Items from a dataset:
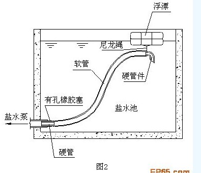 為了消(xiao)(xiao)除鹽(yan)(yan)水(shui)(shui)池(chi)靜壓(ya)強(qiang)對鹽(yan)(yan)水(shui)(shui)泵出(chu)口(kou)(kou)(kou)壓(ya)頭的(de)(de)(de)(de)(de)影響(xiang),筆者設計了一(yi)(yi)套保(bao)持鹽(yan)(yan)水(shui)(shui)泵入口(kou)(kou)(kou)壓(ya)強(qiang)恒(heng)定裝置如圖2:制作(zuo)一(yi)(yi)個浮(fu)漂,用尼龍(long)繩將一(yi)(yi)根軟(ruan)(ruan)管(guan)的(de)(de)(de)(de)(de)一(yi)(yi)端(duan)吊掛在浮(fu)漂的(de)(de)(de)(de)(de)下方,軟(ruan)(ruan)管(guan)的(de)(de)(de)(de)(de)另一(yi)(yi)端(duan)固(gu)結在鹽(yan)(yan)水(shui)(shui)池(chi)出(chu)口(kou)(kou)(kou)處(注意軟(ruan)(ruan)管(guan)與鹽(yan)(yan)水(shui)(shui)池(chi)出(chu)口(kou)(kou)(kou)的(de)(de)(de)(de)(de)接(jie)口(kou)(kou)(kou)處不能泄露,軟(ruan)(ruan)管(guan)最好選用內(nei)(nei)置鋼絲螺旋(xuan)支(zhi)架的(de)(de)(de)(de)(de)塑料管(guan)以防抽癟。安(an)裝軟(ruan)(ruan)管(guan)時,注意不要因為安(an)裝了軟(ruan)(ruan)管(guan)及其管(guan)件(jian)而(er)使鹽(yan)(yan)水(shui)(shui)泵入口(kou)(kou)(kou)管(guan)徑變(bian)得太(tai)小和造成太(tai)大(da)的(de)(de)(de)(de)(de)管(guan)路(lu)阻力,注意不要有浮(fu)漂的(de)(de)(de)(de)(de)零部件(jian)被鹽(yan)(yan)水(shui)(shui)泵吸(xi)入)。由(you)于軟(ruan)(ruan)管(guan)的(de)(de)(de)(de)(de)上端(duan)(鹽(yan)(yan)水(shui)(shui)泵入口(kou)(kou)(kou))在浮(fu)漂的(de)(de)(de)(de)(de)作(zuo)用下能保(bao)持與鹽(yan)(yan)水(shui)(shui)液面(mian)的(de)(de)(de)(de)(de)距離不變(bian),從而(er)消(xiao)(xiao)除了鹽(yan)(yan)水(shui)(shui)池(chi)靜壓(ya)強(qiang)對交換器內(nei)(nei)鹽(yan)(yan)水(shui)(shui)線速度的(de)(de)(de)(de)(de)影響(xiang)。
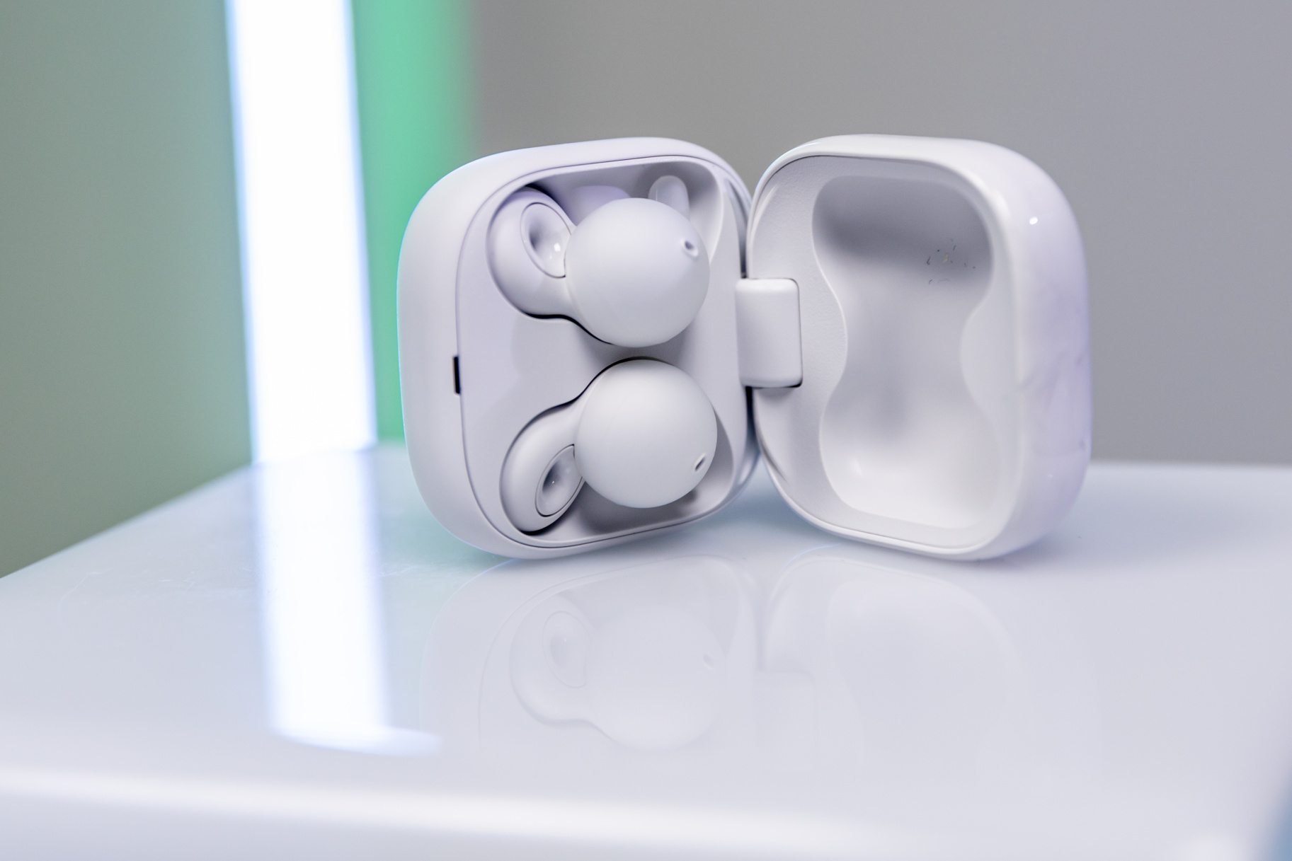 Sony LinkBuds Open majú miniatúrnu škatuľku a bude to to najmenšie na trhu, čo môžete nájsť. Majú kruhový dizajn a vkladáte ich do ucha spôsobom odlišným od in-ear slúchadiel. Dalo by sa povedať, že si ich len zachytíte o ucho a po vložení mierne pootočte tak, aby aretačná gumička držala stabilne v uchu.
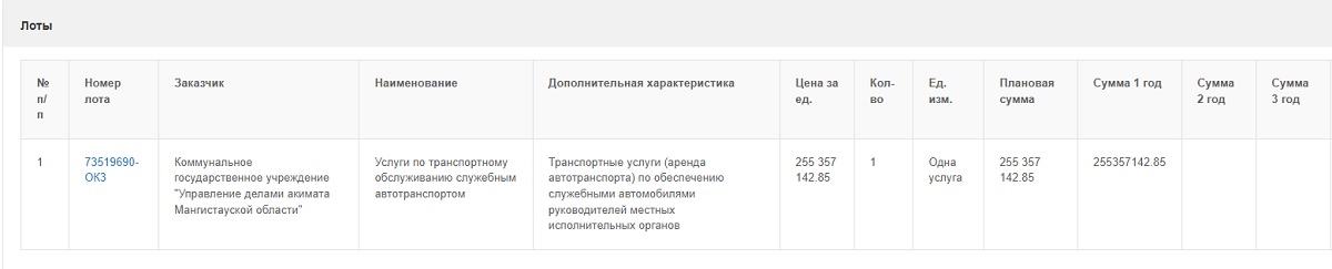 Наименование – услуги по транспортному обслуживанию служебным автотранспортом. Плановая сумма – 255 357 142.85 тенге за год.
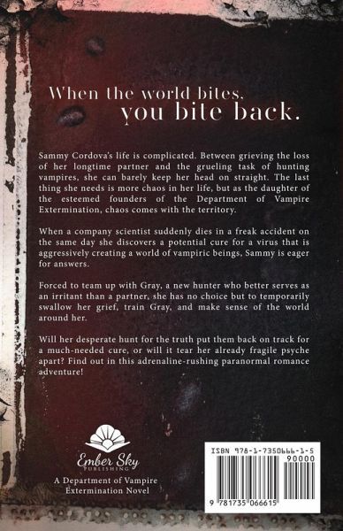When the world bites, you bite back. Sammy Cordova's life is complicated. Between grieving the loss of her longtime partner and the grueling task of hunting vampires, she can barely keep her head on straight. The last thing she needs is more chaos in her life, but as the daughter of the esteemed founders of the Department of Vampire Extermination, chaos comes with the territory. When a company scientist suddenly dies in a freak accident on the same day she discovers a potential cure for a virus that is aggressively creating a world of vampiric beings, Sammy is eager for answers. Forced to team up with Gray, a new hunter who better serves as an irritant than a partner, she has no choice but to temporarily swallow her grief, train Gray, and make sense of the world around her. Will her desperate hunt for the truth put them back on track for a much-needed cure, or will it tear her already fragile psyche apart? Find out in this adrenaline-rushing paranormal romance adventure!
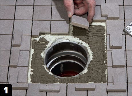 Työ aloitetaan koelaatoituksella, jossa kiinnitetään huomiota etenkin lattiakaivon ympäristöön. Tässä tapauksessa kaivon ympärille pitää leikata monta laatanpalasta, jotta siitä tulee siisti.
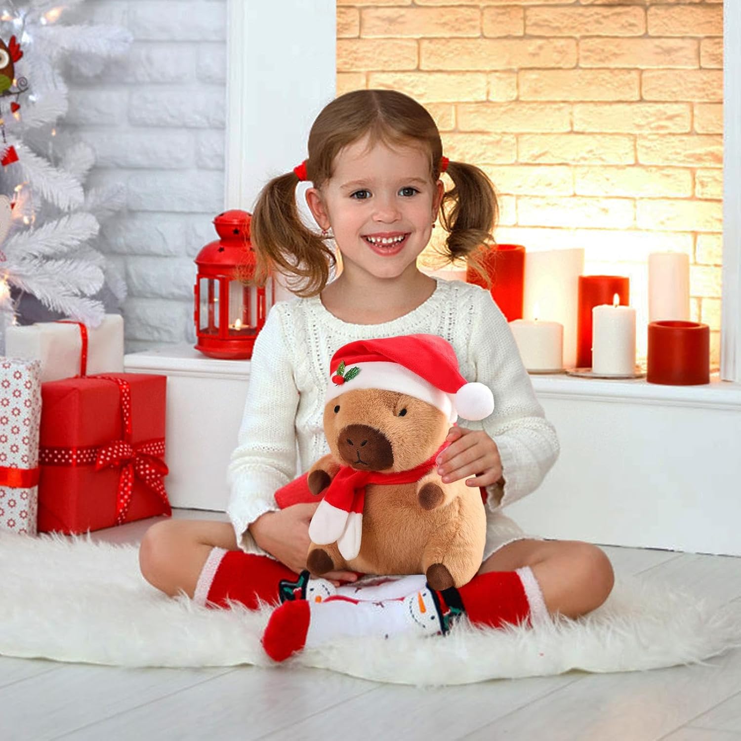 Affascinante compagno di vacanza: il peluche Capybara si distingue per la sua bella lavorazione cucita a mano e accessori accuratamente progettati come sciarpe e cappelli natalizi. Offre ai bambini un'incantevole combinazione di longevità e bellezza che ispira gioia festiva o fornisce un accompagnamento confortante tutto l'anno. Questo giocattolo versatile supporta il pensiero creativo e garantisce momenti indimenticabili durante le celebrazioni o nella vita quotidiana. Calore e relax: questo peluche Capybara realizzato in tessuto di peluche di alta qualità con una consistenza liscia e delicata che offre un comfort eccellente. È la scelta ideale per promuovere il relax nei pomeriggi accoglienti o nelle calde serate al chiuso. La superficie morbida è piacevole al tatto e supporta momenti rilassanti di riposo e comfort, perfetto per le ore di coccole sul divano o come compagno di relax. Compagno di peluche di facile manutenzione: questo peluche Capybara è realizzato in materiale peluche di alta qualità che resiste alla deformazione e mantiene la sua forma per un lungo periodo di utilizzo. La facile pulizia con un panno umido o a mano lo rende perfetto per le fasi di gioco e per scopi decorativi in diversi ambienti. Il tessuto morbido ma stabile garantisce comfort e gioia durature, mentre la natura di facile manutenzione richiede sforzo. Non importa se nella cameretta dei bambini, come Versatile e carino: questo morbido peluche Capybara combina praticità e carineria accattivante, ideale come cuscino morbido per momenti di relax o elegante elemento decorativo per abbellire la tua casa. Diffonde intimità e fascino individuale in ogni stanza, sia in soggiorno, camera da letto o ufficio domestico, e crea un'atmosfera accogliente grazie alla sua versatilità e al suo aspetto accogliente. Il peluche è adatto Graziosa decorazione festiva: questo adorabile peluche Capybara è una perfetta decorazione natalizia o come scelta regalo ideale per le feste. Aumenta l'atmosfera festosa grazie al suo design carino e al forte fascino festivo, diffonde gioia e calore in ogni casa durante il periodo natalizio e completa le tue celebrazioni in modo ottimale.
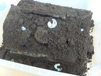 12/30に初2令で投入したDHヘラクレス幼虫たちのマット交換をしました。コンテナボックス3個で飼育しているのですが1個は2/13に交換済み(一匹☆で7匹、8g~15g)。さらに一ヶ月経過しての交換なのでちょっぴり期待!です。・がばっとひっくり返しました。元気な幼虫たちが見えます。全て無事でいてくれればいいのですが・・・・体重測定16頭、全ての固体が無事でした。体重測定の結果は8g~17g、前回の測定の時とそれほど変わっていません。全て2令だったのでこれからの伸びに期待です。グループB(13,10,10,13,10,8,12,12g)グループC(14,17,12,12,11,11,12,8g)・交換終了8頭づつ2個のコンテナボックスに投入しました、ちょっと手狭です。次回の交換では倍のスペースにしようと思います。DHヘラの飼育は初めてなので成長のペースがよくわかりません。どうなんでしょうね?今日は先日亡くなったスマトラ(アチェ産)の産卵セットの割出しも行いました!!結果は・・・・・・・・・・・・大爆発です!!!!詳しくは明日のブログで。
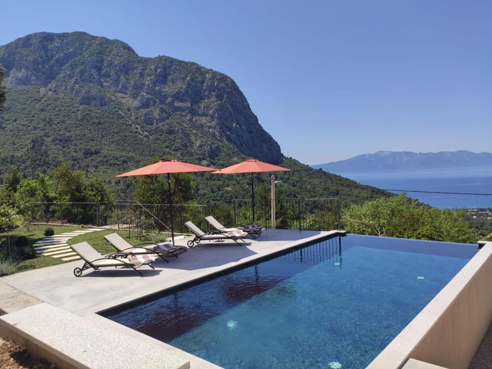 Villa located on the hill above village with outstanding view. Just us, house, pool, birds and great view on the sea below us.
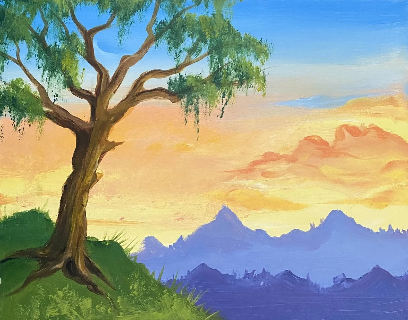 "Serene Sunset" is a beautiful painting featuring a green grass hill with a tree, set against a warm sunset with clouds and mountains in the distance. The colors are rich and vibrant, creating a sense of peace and tranquility. It's a stunning work of art that captures the beauty of nature.
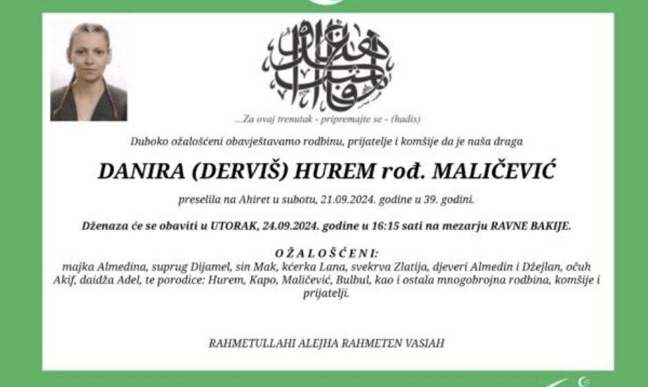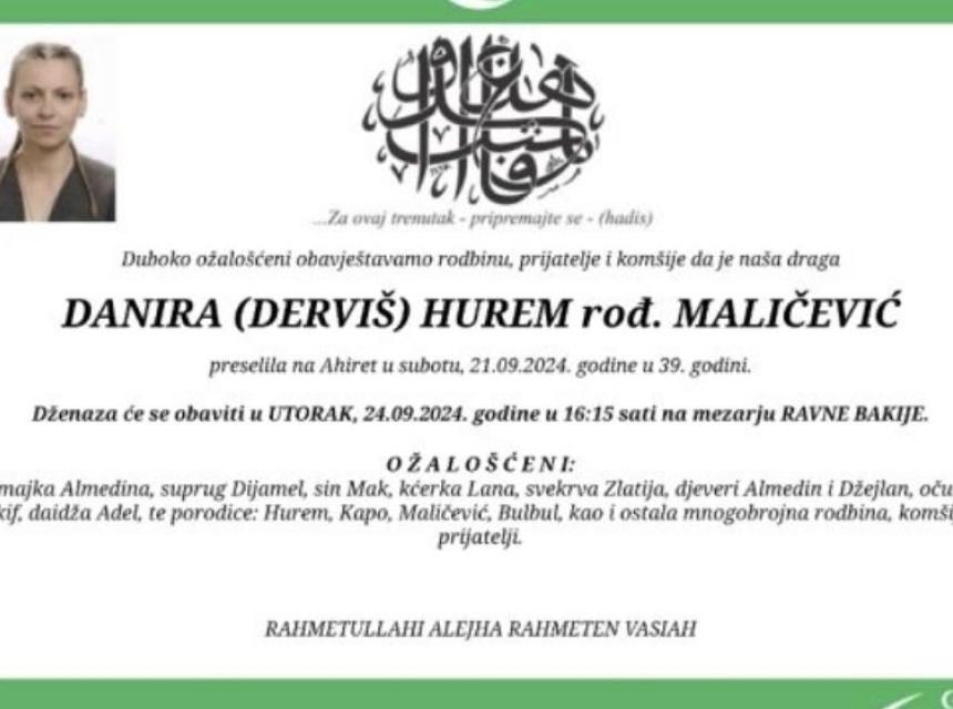 užnim srcem i bolom u duši javljamo rodbini, prijateljima i komšijama da je naša draga Danira (Derviš) Hurem rođ. Maličević, dana 21.09.2024. godine u 39-oj godini života, preselila na ahiret.
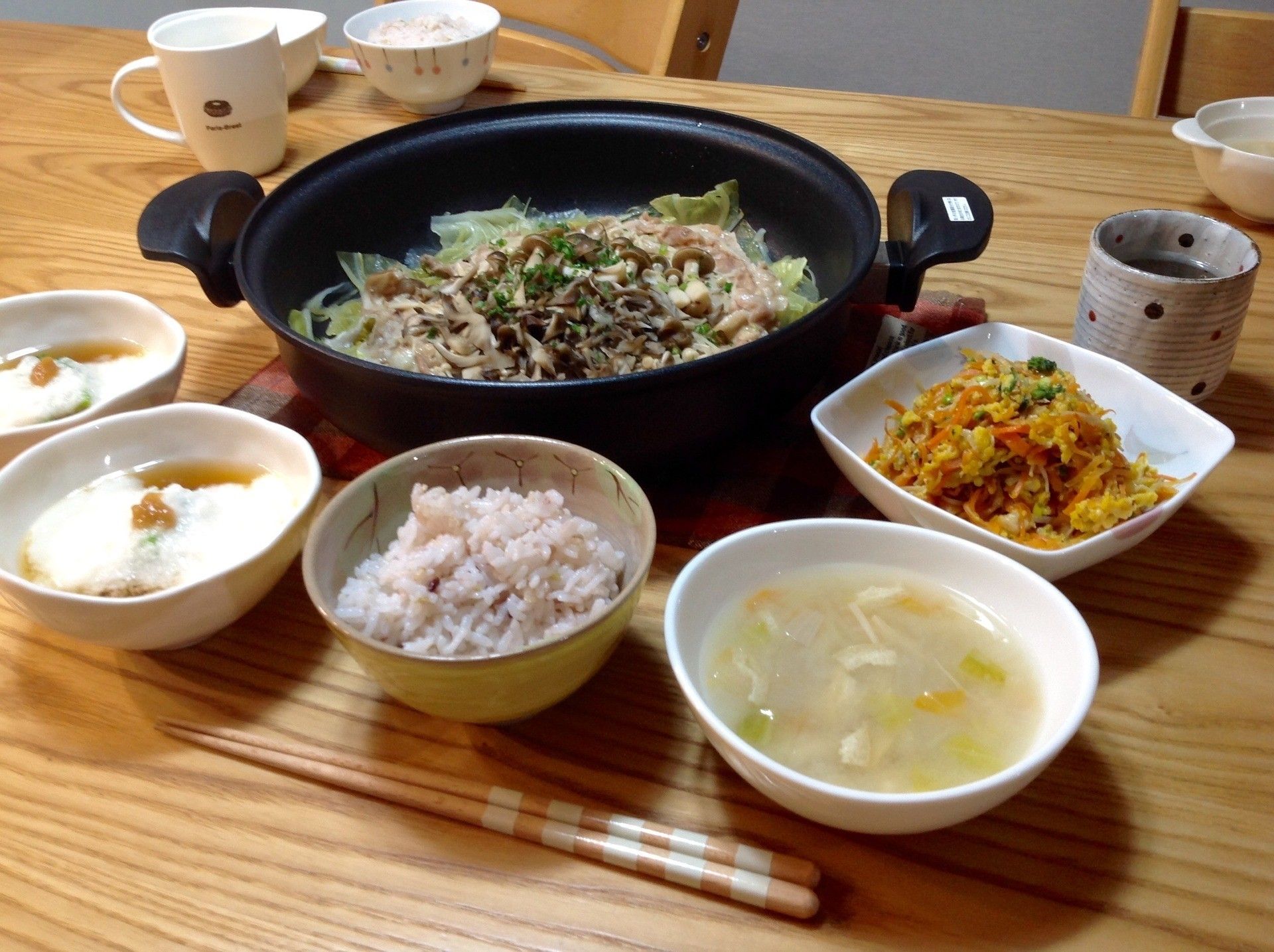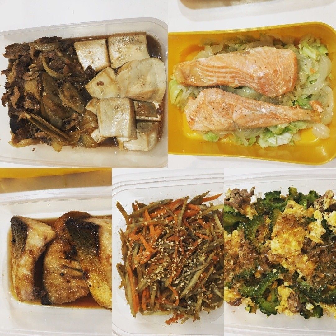 木曜は魚、水曜&金曜は肉。土日の昼夜も定番化しているメニューや両実家での食事などで乗り切っています。レパートリーを増やさずローテーションすることで、効率アップ!副菜にはゆで野菜や豆腐や厚揚げなど大豆製品が便利だそうです。
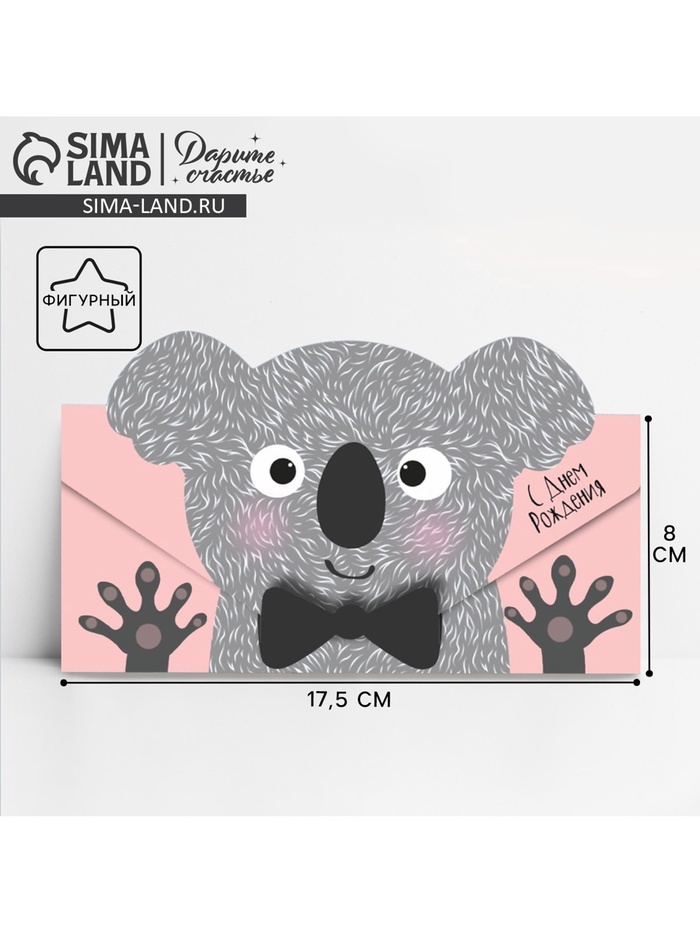 Конверт для денег фигурный «С Днём Рождения», коала, 17.5 х 8 см

What is needed
Using the data above, retype exactly and only the lines from the one containing "When the world" up to and including the one containing "Työ aloitetaan koelaatoituksella, jossa", with no pictures carried over.

Output of the exercise
When the world bites, you bite back. Sammy Cordova's life is complicated. Between grieving the loss of her longtime partner and the grueling task of hunting vampires, she can barely keep her head on straight. The last thing she needs is more chaos in her life, but as the daughter of the esteemed founders of the Department of Vampire Extermination, chaos comes with the territory. When a company scientist suddenly dies in a freak accident on the same day she discovers a potential cure for a virus that is aggressively creating a world of vampiric beings, Sammy is eager for answers. Forced to team up with Gray, a new hunter who better serves as an irritant than a partner, she has no choice but to temporarily swallow her grief, train Gray, and make sense of the world around her. Will her desperate hunt for the truth put them back on track for a much-needed cure, or will it tear her already fragile psyche apart? Find out in this adrenaline-rushing paranormal romance adventure!
 Työ aloitetaan koelaatoituksella, jossa kiinnitetään huomiota etenkin lattiakaivon ympäristöön. Tässä tapauksessa kaivon ympärille pitää leikata monta laatanpalasta, jotta siitä tulee siisti.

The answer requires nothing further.